The wisdom of the Canadian regulatory authorities in not according Drug Identification Numbers, based on the migraine therapeutic claim, to anything but whole dried feverfew leaf with pronounced parthenolide content, such as was used in the successful 1988 trial, is now abundantly clear.


(1.) de Weerdt, C.J., H.P.R Bootsma and H. Hendriks. 1996. Herbal medicines in migraine prevention. Randomized double-blind placebo controlled crossover trial of a feverfew preparation. Phytomedicine, Vol.3(3): 225-230.

(2.) International Headache Society Committee on Clinical Trials in Migraine. 1991. Guidelines for controlled trials of drugs in migraine. First edition. Cephalalgia 11:1-12.

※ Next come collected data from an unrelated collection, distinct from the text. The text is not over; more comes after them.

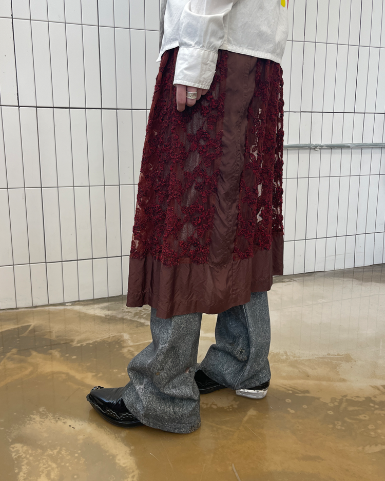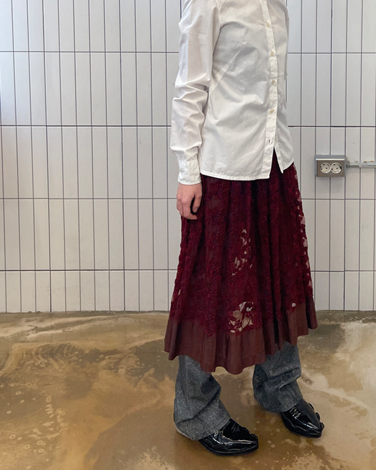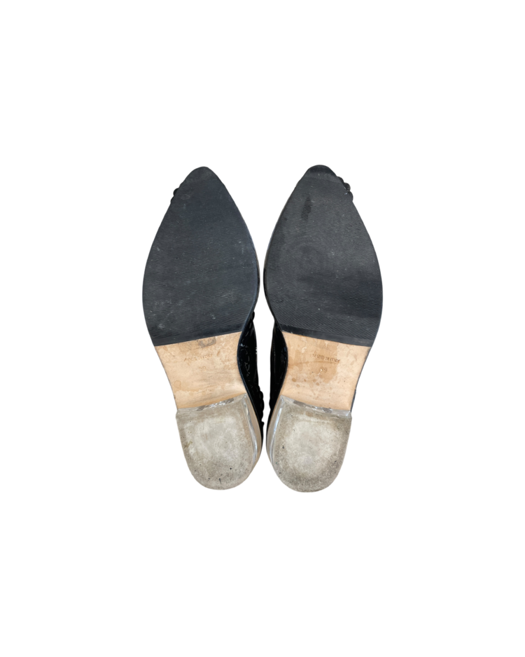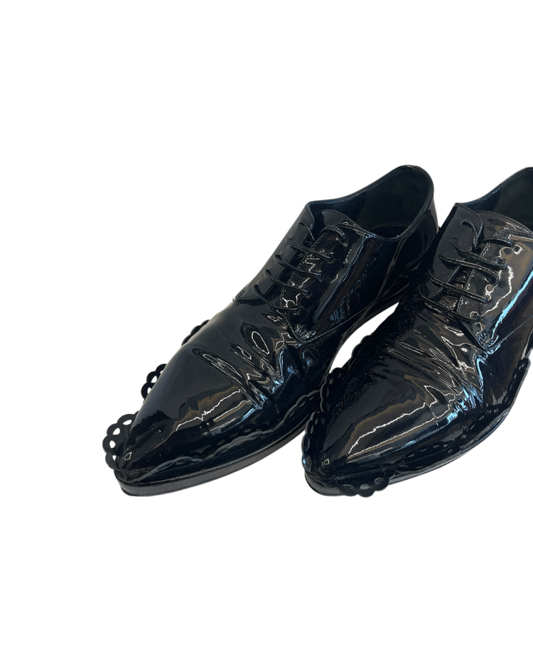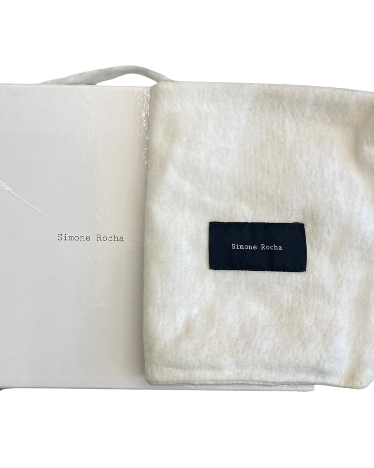 여성스러운 디자인과 구조적인 실루엣이 특징인 시몬 로샤의 더비슈즈입니다. 프릴 모양의 디테일과 투명한 굽이 포인트입니다.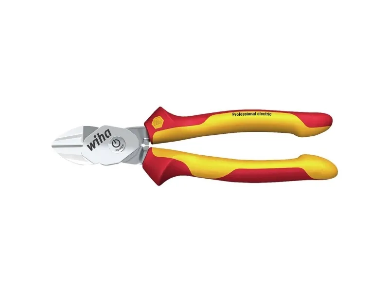 Højeffektsskævbider BiCut® Professional med DynamicJoint® kan omstilles 200 mm, 8 (38984) Til ekstremt hårde og kraftigere materialer bliver en kraftskævbider med høj effekt ved hjælp af en patenteret ledkonstruktion. Denne funktion er dog ikke kun egnet til skæring af ekstremt hårde materialer, men også til brugere, der udfører normale klippearbejder over længere tid. Takket være den dobbelte skærekraft skal der tilsvarende påføres 50 % mindre håndkraft. På den måde er arbejde, der skåner musklen og skikke, muligt. Risikoen for at blive ridset eller glide af ved overdreven kraftanvendelse reduceres betydeligt. Desuden er grebsryggen ekstra bred designet, og de indbyggede hårde og bløde zoner er tilpasset håndtagene optimalt til ergonomi på den menneskelige hånd. Den højtydende skærer er fremstillet i henhold til den internationale standard IEC 60900 og er dermed godkendt til arbejde inden for spændingsførende dele op til 1.000 V AC.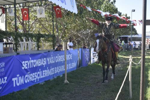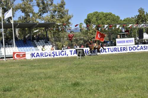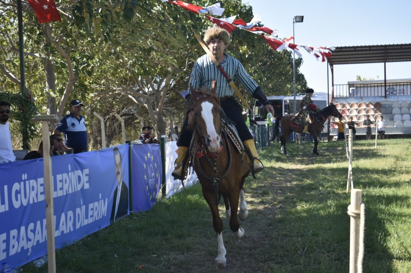 Havran'da Kurtuluş Günü Haftası etkinlikleri kapsamında Havran Millet Bahçesinde Enis Yurdakök ve ekibinin Atlı Okçuluk gösterisi gerçekleştirildi. İzleyenlerden tam not alan gösteri ayakta alkışlandı. (Ebru Erdem)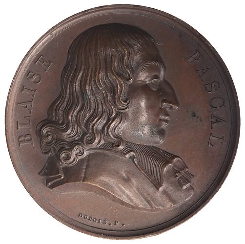 Bust facing right; around, BLAISE PASCAL; below in smaller lettering the artist's name, DUBOIS. F.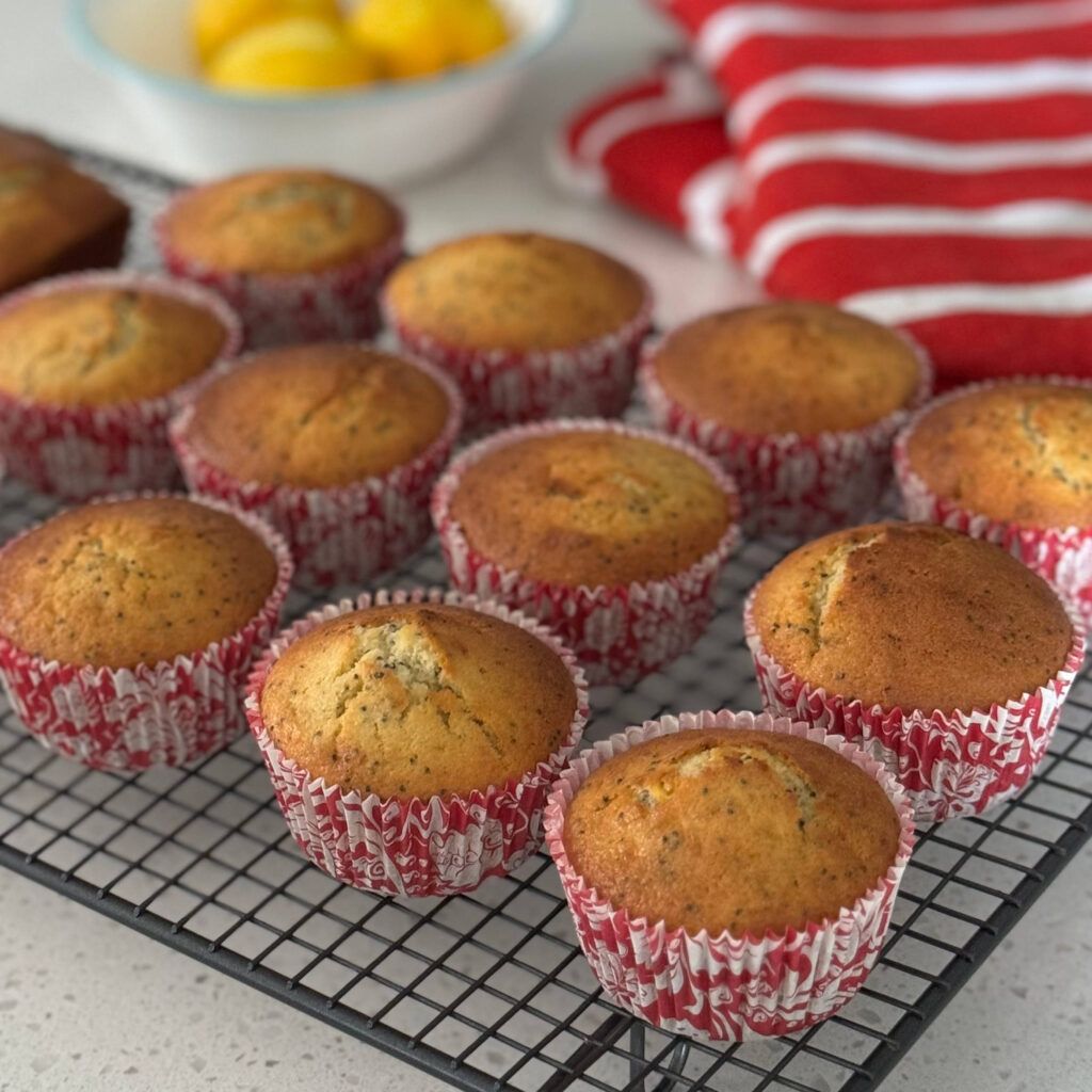 Zesty lemon poppy seed muffins with a moist crumb, perfect for a sunny start or a sweet afternoon snack.
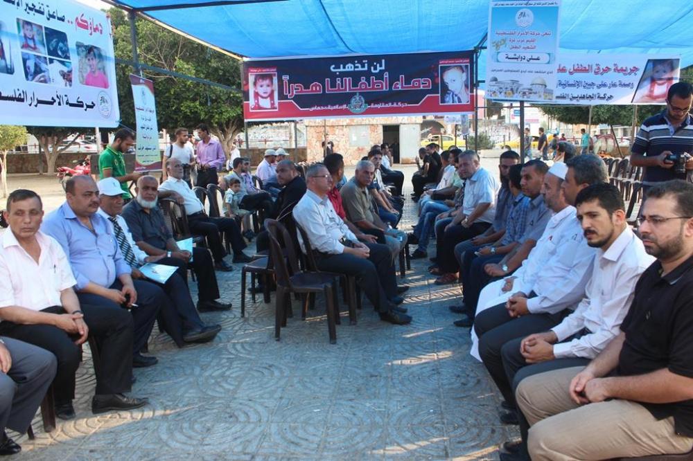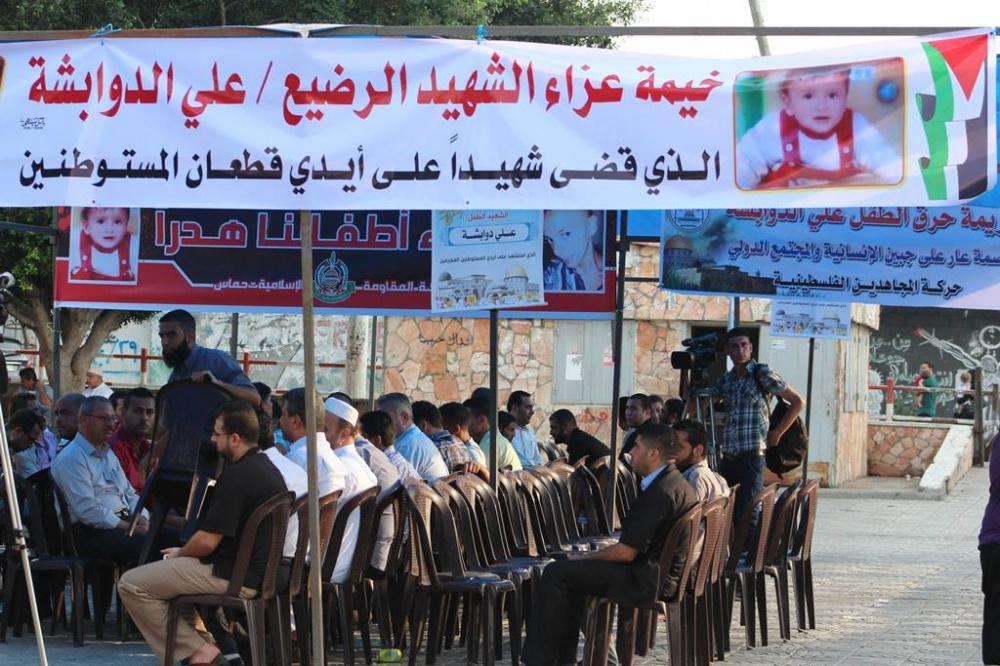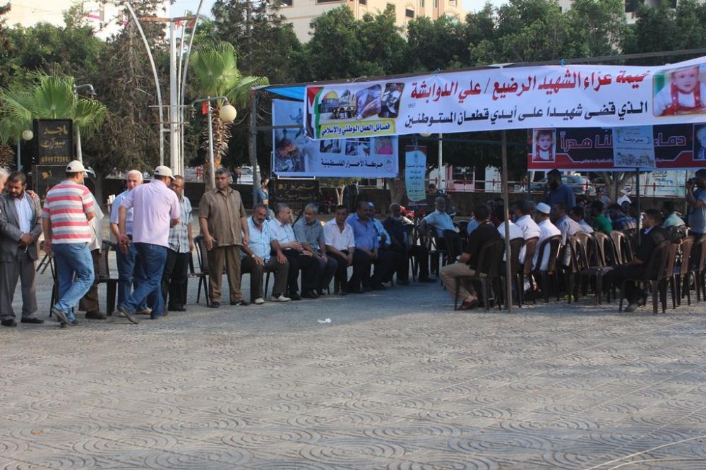 غزة - راية عدسة: سامح أبو دية أقامت القوى الوطنية والاسلامية في قطاع غزة خيمة عزاء رمزية لشهيد محرقة دوما الرضيع "علي الدوابشة" في ساحة الجندي المجهول وسط مدينة غزة، بحضور شخصيات اعتبارية وممثلين عن الفصائل الوطنية.

(3.) Murphy, J.J., S. Heptinstall, J.R.A. Mitchell. 1988. Randomized double-blind placebo controlled trial of feverfew in migraine prevention. Lancet 8604:189-192.

(4.) Johnson, E.S., N.P. Kadam, D.M. Hylands, P. J. Hylands. 1985. Efficacy of feverfew as prophylactic treatment of migraine. Br. Med. J. 291:569-573.

(5.) Heptinstall, S. Personal communication.

(6.) Groenevegen, W.A., Knight, D.W., Heptinstall, S. 1987. Compounds extracted from feverfew that have anti-secretory activity contain an a-methylene butyrolactone unit. J. Pharm. Pharmacol 39: 709-712.

(7.) Heptinstall, S., A. White, L. Williamson, J.R.A. Mitchell. 1985. Extracts from feverfew inhibit granule secretion in blood platelets and polymorphonuclear leucocytes. Lancet 8437:1071-1074.